1st off... thanks... I have many many custom guns, & this one has fast become my hands down favorite... as GAK mentioned, the stainless is a good feature for lots of use, & while some may not like the polished look, it's actually the most easy finish to maintain... I have many satin finished stainless revolvers, that either get a scratch or ding on them, or get holster wear, that's visible on the finish... with the polished stainless Rugers, a little flitz & a polishing rag or polishing wheel on the dremel, & the finish is good as new...

Birdshead vrs "plowhandle" ??? I'm a new shooter to CAS, & shoot with another pair of Montados with the standard grips... those grips fit my hand nicely, seem smaller than my Colt clone 44-40... I'm probably going to change them out to birdshead grips over the winter, just so I get the same feel as with my snubbie...

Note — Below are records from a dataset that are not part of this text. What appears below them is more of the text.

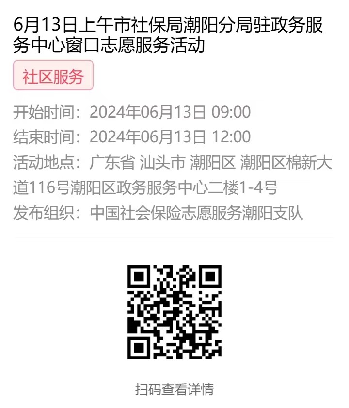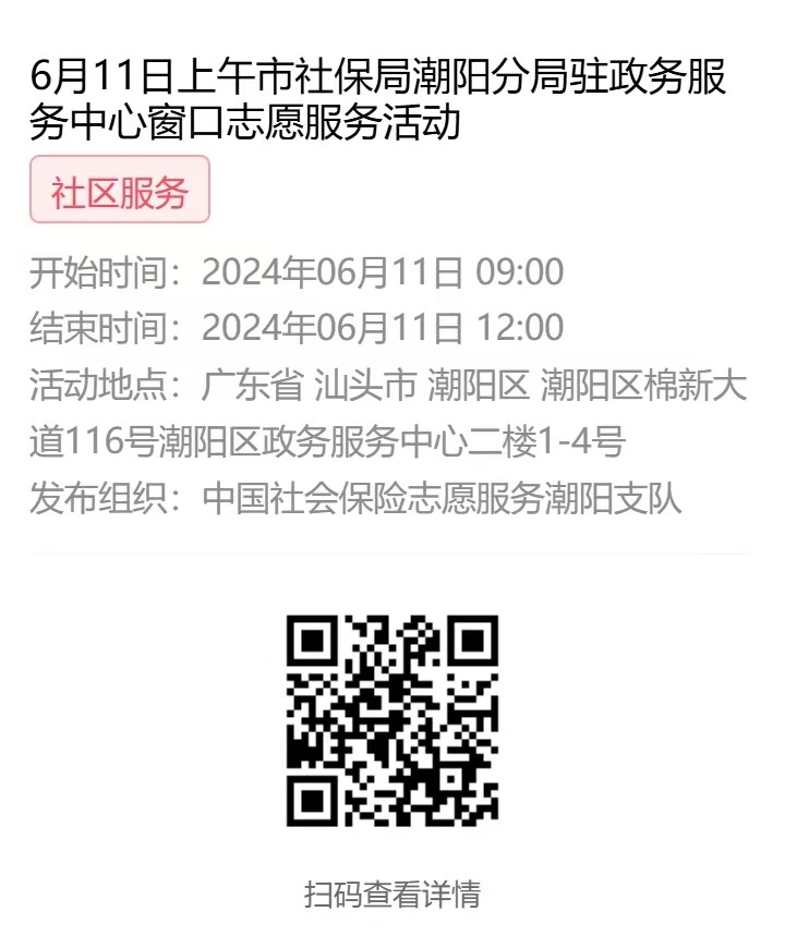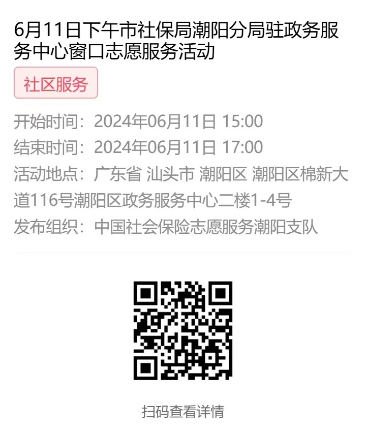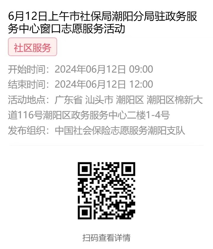 2024年6月11日至6月14日市社保局潮阳分局驻政务服务中心窗口志愿服务活动,需要每一个可爱的你参与!
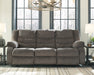 This reclining sofa puts the win in winning. Its waterfall back design and doubly plump pillow top arms team up with soft chenille fabric to go for the goal. Ample seating room makes the comfort possibilities endless. Sit back and relax. You won’t go wrong with this reclining sofa.
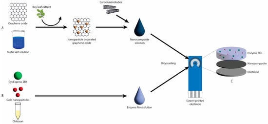 Diagrammatic representation of the electrode functionalisation protocol. (A) Graphene oxide is decorated with metal oxide nanoparticles via green synthesis and combined with carbon nanotubes to form the nanocomposite solution. (B) CypExpress 2B6, gold nanoparticles and chitosan (1%) are combined to form the enzyme film solution. (C) The nanocomposite and enzyme film solutions are deposited in sequence on the working electrode surface by drop-casting.
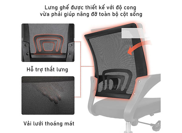 + Lưng ghế được thiết kế với độ cong vừa phải giúp nâng đỡ toàn bộ cột sống, giúp người ngồi tránh bị đau lưng nhức mỏi khi tựa.
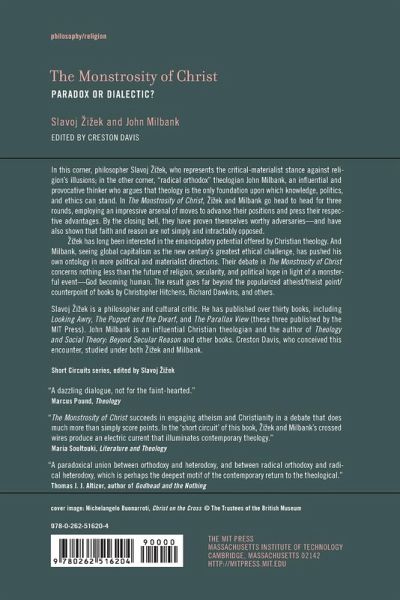 A militant Marxist atheist and a "Radical Orthodox” Christian theologian square off on everything from the meaning of theology and Christ to the war machine of corporate mafia. "What matters is not so much that Zizek is endorsing a demythologized, disenchanted Christianity without transcendence, as that he is offering in the end (despite what he sometimes claims) a heterodox version of Christian belief.”—John Milbank "To put it even more bluntly, my claim is that it is Milbank who is effectively guilty of heterodoxy, ultimately of a regression to paganism: in my atheism, I am more Christian than Milbank.”—Slavoj Zizek In this corner, philosopher Slavoj Zizek, a militant atheist who represents the critical-materialist stance against religion's illusions; in the other corner, "Radical Orthodox” theologian John Milbank, an influential and provocative thinker who argues that theology is the only foundation upon which knowledge, politics, and ethics can stand. In The Monstrosity of Christ, Zizek and Milbank go head to head for three rounds, employing an impressive arsenal of moves to advance their positions and press their respective advantages. By the closing bell, they have not only proven themselves worthy adversaries, they have shown that faith and reason are not simply and intractably opposed. Zizek has long been interested in the emancipatory potential offered by Christian theology. And Milbank, seeing global capitalism as the new century's greatest ethical challenge, has pushed his own ontology in more political and materialist directions. Their debate in The Monstrosity of Christ concerns the future of religion, secularity, and political hope in light of a monsterful event—God becoming human. For the first time since Zizek's turn toward theology, we have a true debate between an atheist and a theologian about the very meaning of theology, Christ, the Church, the Holy Ghost, Universality, and the foundations of logic. The result goes far beyond the popularized atheist/theist point/counterpoint of recent books by Christopher Hitchens, Richard Dawkins, and others. Zizek begins, and Milbank answers, countering dialectics with "paradox.” The debate centers on the nature of and relation between paradox and parallax, between analogy and dialectics, between transcendent glory and liberation. Slavoj Zizek is a philosopher and cultural critic. He has published over thirty books, including Looking Awry, The Puppet and the Dwarf, and The Parallax View (these three published by the MIT Press). John Milbank is an influential Christian theologian and the author of Theology and Social Theory: Beyond Secular Reason and other books. Creston Davis, who conceived of this encounter, studied under both Zizek and Milbank.
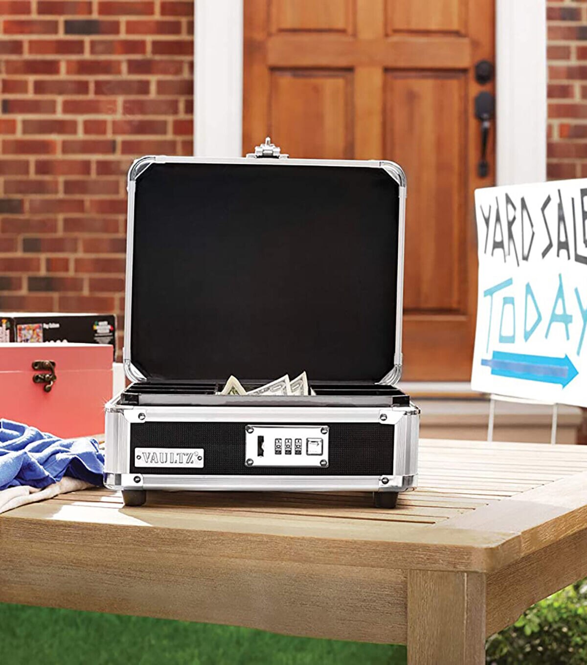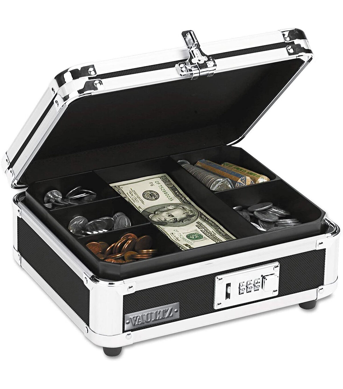 Vaultz Black & Chrome Plastic Locking Cash Box With Handle
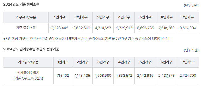2024년 및 2025년 기준 중위소득 (단위: 원/월)
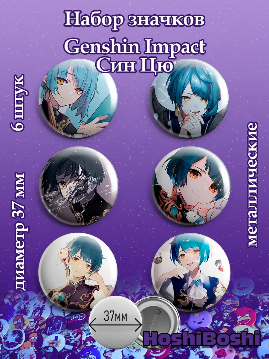 Набор из 6 металлических значков с изображениями из игры Геншин Импакт ( Genshin Impact ).
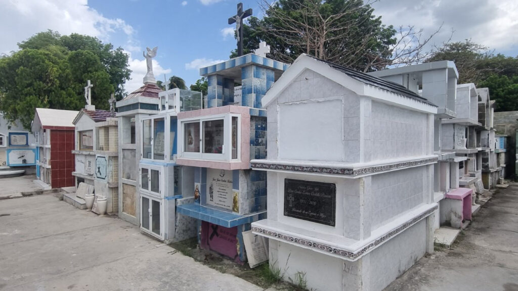 Cestou jsme udělali ještě jednu zastávku, hodně rozdílně tématickou. Navštívili jsme typický mexický hřbitov, který nás už u vchodu vítal barevnou výzdobou. Přeplněný hřbitov, plný různě velikými a rozmanitě zdobenými hroby. Zde se pohřbívá, oproti našim končinám, nad sebou, proto tu byly všude patrové hroby, různě barevné, nebo zdobené kachličkami či mozaikami z nich. Byly tu i honosné kusy, zdobené sloupy a obtěžkány samými sochami. Škoda, že jsme tu nezažili El Día de Muertos, svátek mrtvých, to teprve musí být zážitek. 😉
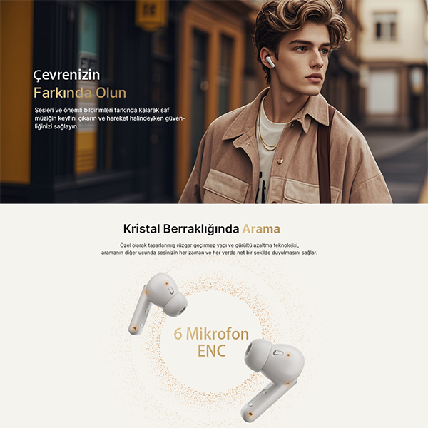 6 Mikrofonlu ENC Teknolojisi: Rüzgar ve ortam seslerini filtreleyerek kristal netliğinde çağrılar sağlar.
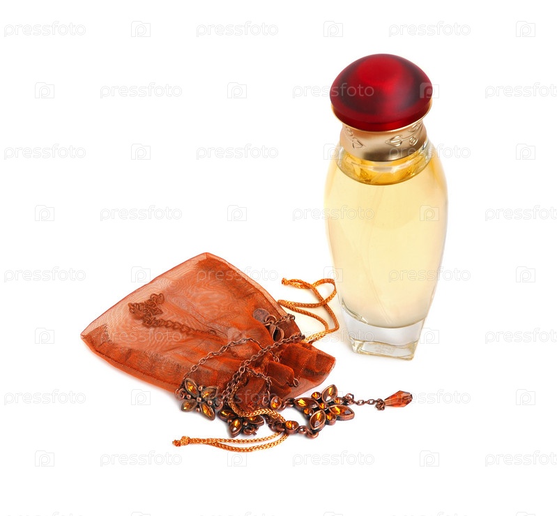 Парфюм и ожерелье изолировано на белом фоне
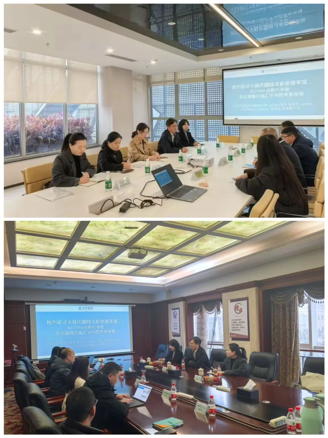 2024年3月14日,大韩民国驻成都总领事馆和大韩贸易投资振兴公社(KOTRA)成都代表处的各位领导,在尹斗姬商务领事和边龙燮馆长的带领下,莅临四川汇宇制药股份有限公司三大基地考察指导,先后参观了成都汇宇研发基地、内江汇宇第二生产基地(原料药)、内江汇宇生产基地(制剂)。
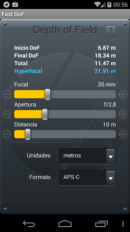 Calcular la profundidad de campo y la distancia hyperfocal de una manera rápida e intuitiva.
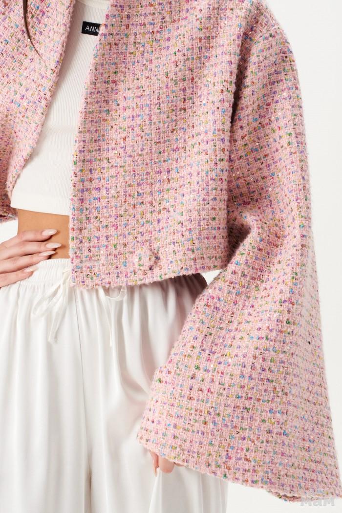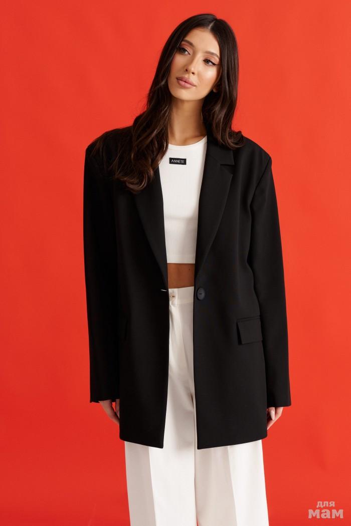 Жакет прямого свободного кроя, выполнен из ворсистой ткани серого цвета. Характеристики: горловина стойка, застежка центральнаяна петли пуговицы,рукав прямой, по плечевому шву пата на пуговице, на левом рукаве нашивка Annete. Длина по спинке 46 см, длина рукава 62 см.
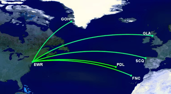 美联航的波音737 MAX跨大西洋航线网络包括纽瓦克至丰沙尔、格拉斯哥、努克、蓬塔德尔加达和圣地亚哥德孔波斯特拉,所有航线均由MAX 8机型执飞,频率从每周两班到每日一班不等。尽管波音737 MAX航班数量上升,但仅占公司跨大西洋总服务的2.6%,日均110.5班中大部分由777-200ER和767-300ER等宽体机承担。
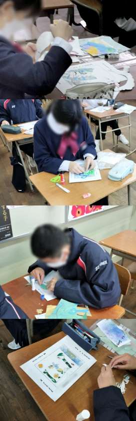 2時間目、1年1組は美術です。貼り絵を作っています。細かい作業を頑張っています。
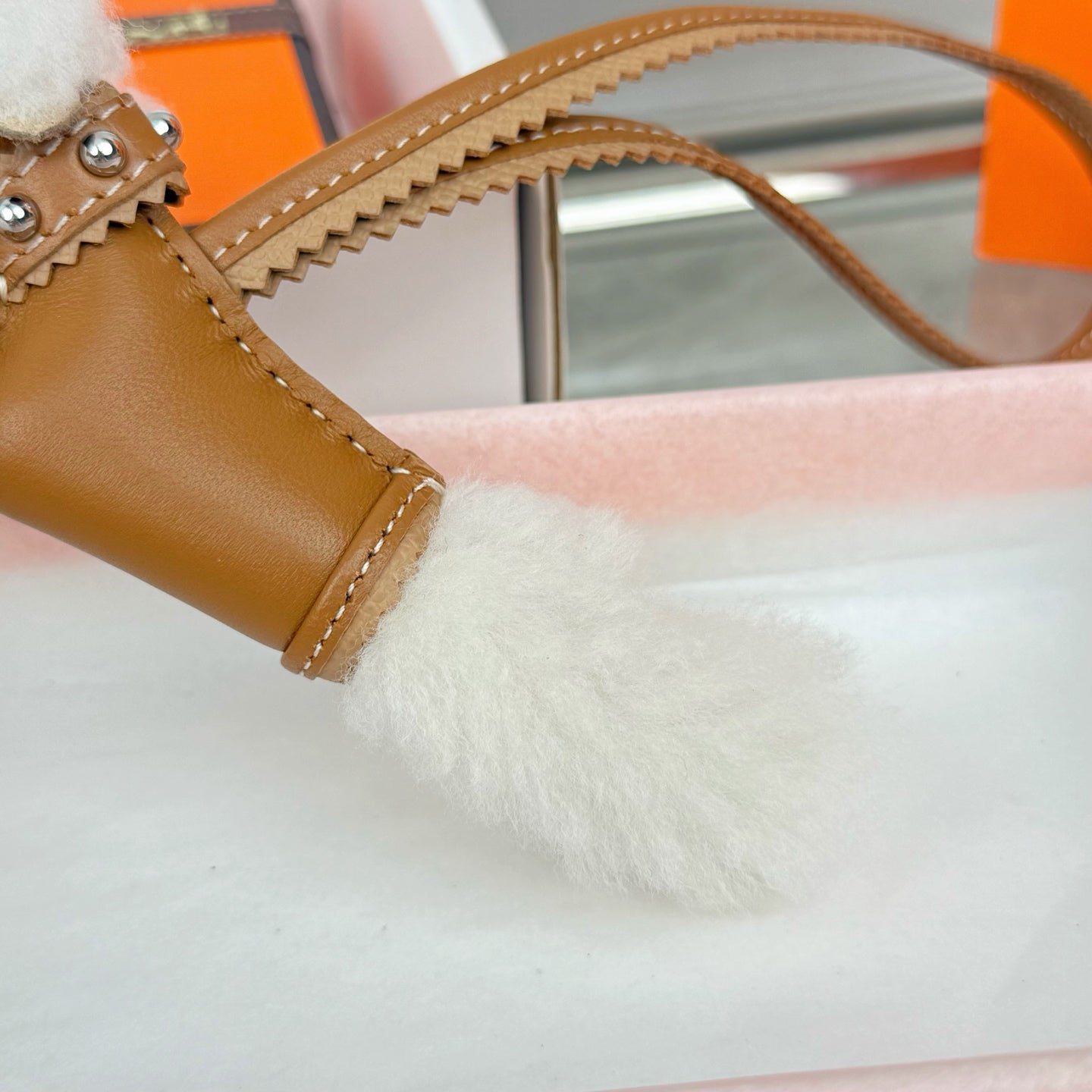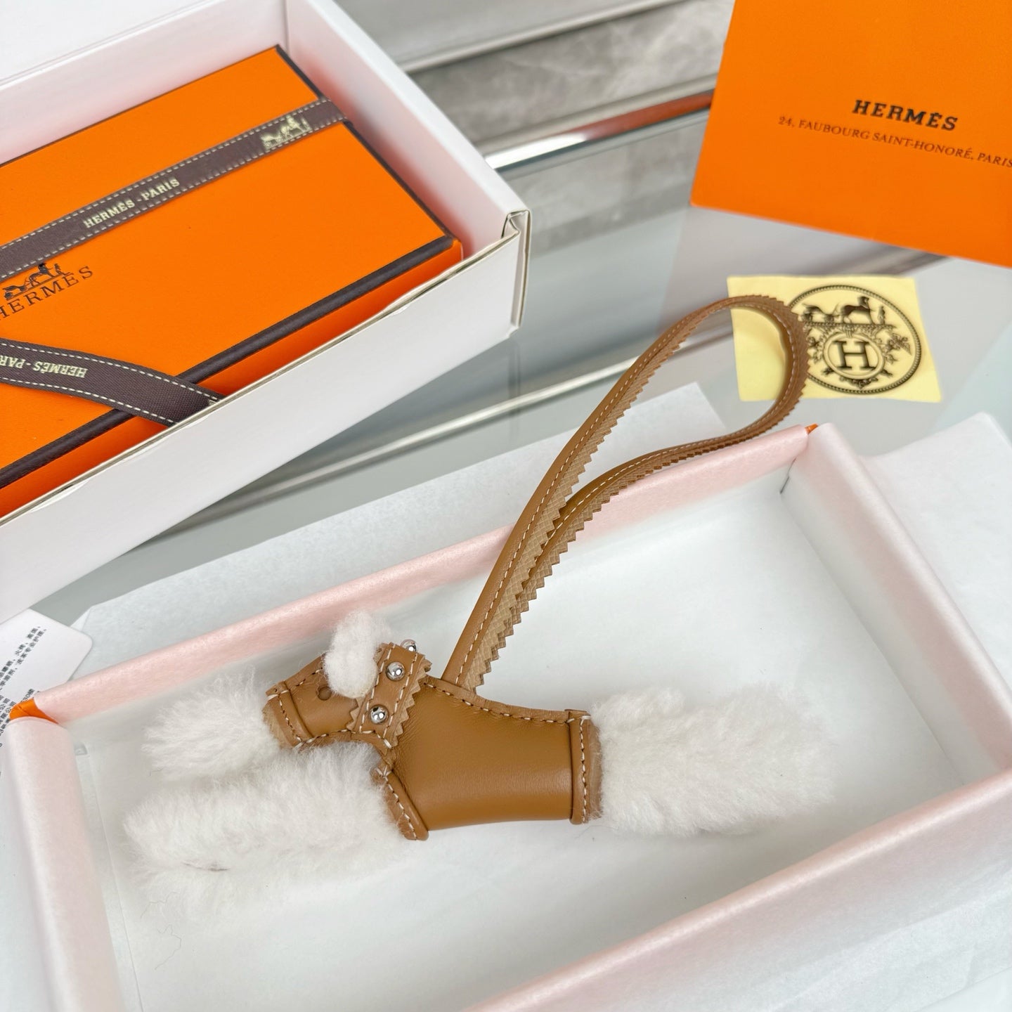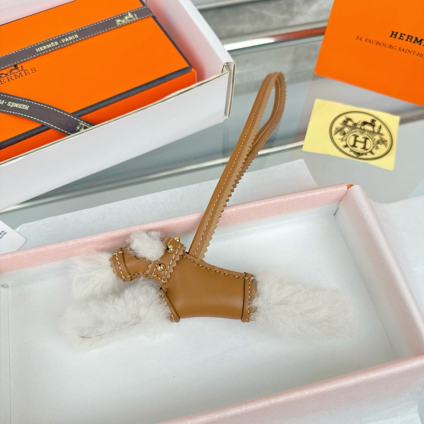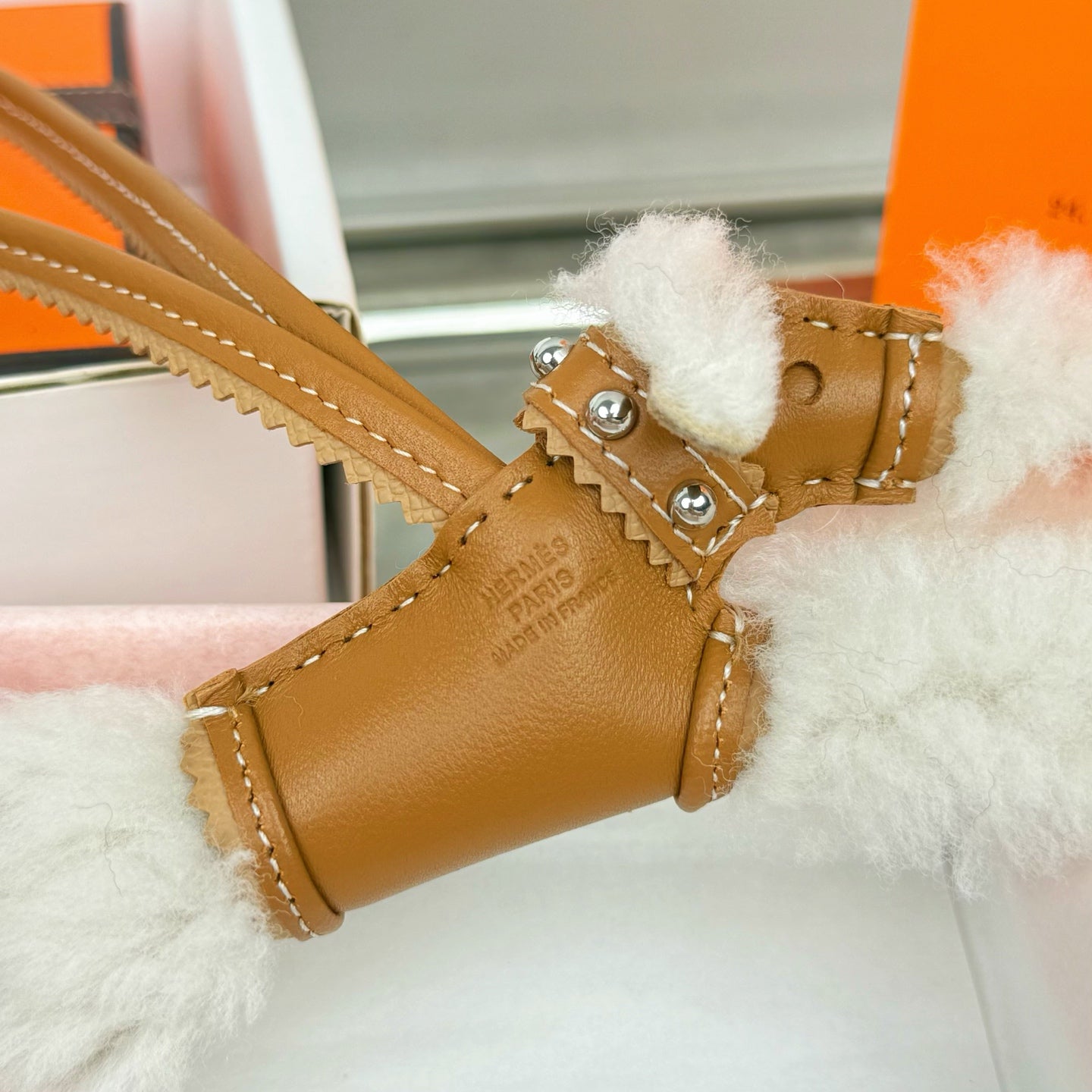 HM Budy Puppy Pendant Charm White Brown Wool Cowhide
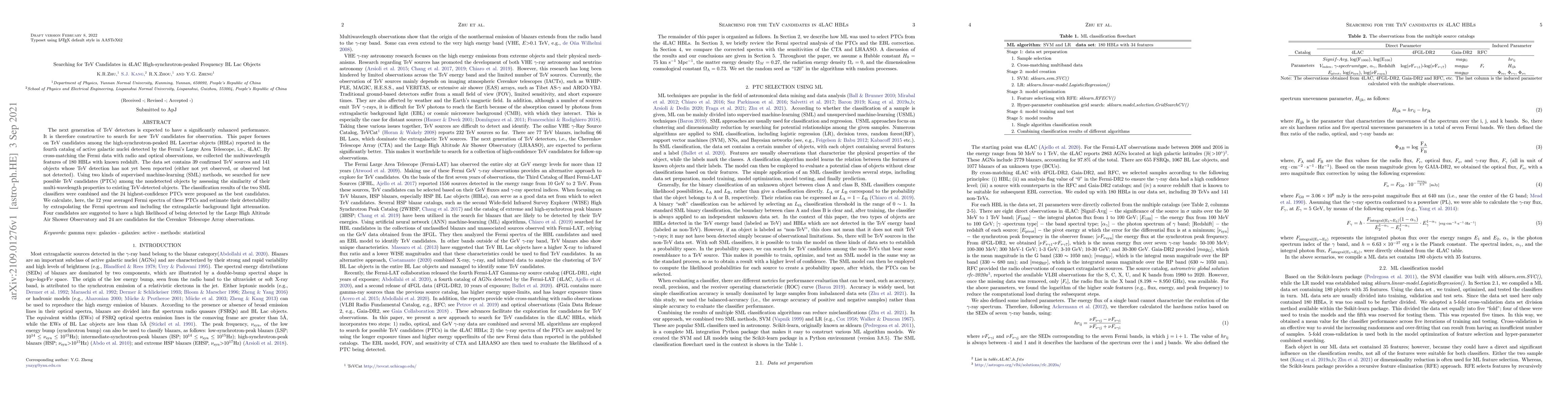 The next generation of TeV detectors is expected to have a significantly enhanced performance. It is therefore constructive to search for new TeV candidates for observation. This paper focuses on TeV candidates among the high-synchrotron-peaked BL Lacertae objects (HBLs) reported in the fourth catalog of active galactic nuclei detected by the Fermi's Large Area Telescope, i.e., 4LAC. By cross-matching the Fermi data with radio and optical observations, we collected the multiwavelength features of 180 HBLs with known redshift. The data set contains 39 confirmed TeV sources and 141 objects whose TeV detection has not yet been reported (either not yet observed, or observed but not detected). Using two kinds of supervised machine-learning (SML) methods, we searched for new possible TeV candidates (PTCs) among the nondetected objects by assessing the similarity of their multi-wavelength properties to existing TeV-detected objects. The classification results of the two SML classifiers were combined and the 24 highest-confidence PTCs were proposed as the best candidates. We calculate, here, the 12 year averaged Fermi spectra of these PTCs and estimate their detectability by extrapolating the Fermi spectrum and including the extragalactic background light attenuation. Four candidates are suggested to have a high likelihood of being detected by the Large High Altitude Air Shower Observatory and 24 are candidates for the Cerenkov Telescope Array observations.

... as this is my 1st full sized gun with the birdshead grips, 1st I was concerned about shooting heavier loads with the gun for CCW use... the standard pressure Buffalo Bore 255 grain Elmer Kieths proved easy to shoot in the gun, & ended up being the load I chose to carry with... the stock Ruger grips I bought to fit the birdshead grip frame were plenty thick & filled my hand nicely... however they were smooth plastic, & kinda looked cheesy ( they may have been seconds, as I bought them off Gunbroker rather than from Ruger directly )... the grips on the gun now are custom made checkered buffalo horn, & IMO, not only look better, but offer a more quality "feel" & the checkering offers slip free grip

will someone make copies??? probably... but as far as I know, it's the only one like it right now

BTW... my 2nd favorite carry gun is a S&W L frame air lite 44 special... so it's not "all" about single actions, I still think for most, if you're only going to have one gun, a quality double action is more versitile... I have a newer 6" stainless S&W 610 & dispite my problems with S&W's initial quality ( 3 times back to S&W, before the gun was even safe to shoot... it had excessive headspace that made it unsafe to shoot from new )... once the QC "bugs" were out, that is also one of the nicest shooting guns I have, & now expect it to shoot nicely for a lifetime... with moon clips, the 610 shoots both 10 mm & 40 S&W, which add greatly to it's versatility... of coarse I couldn't leave well enough alone, & had mine also chambered for 10 mm magnum, so that's all I shoot in mine now, but in a pinch, it'll shoot what is rapidly becoming one of the most popular cartridges out there for law enforcement ( the 40 S&W )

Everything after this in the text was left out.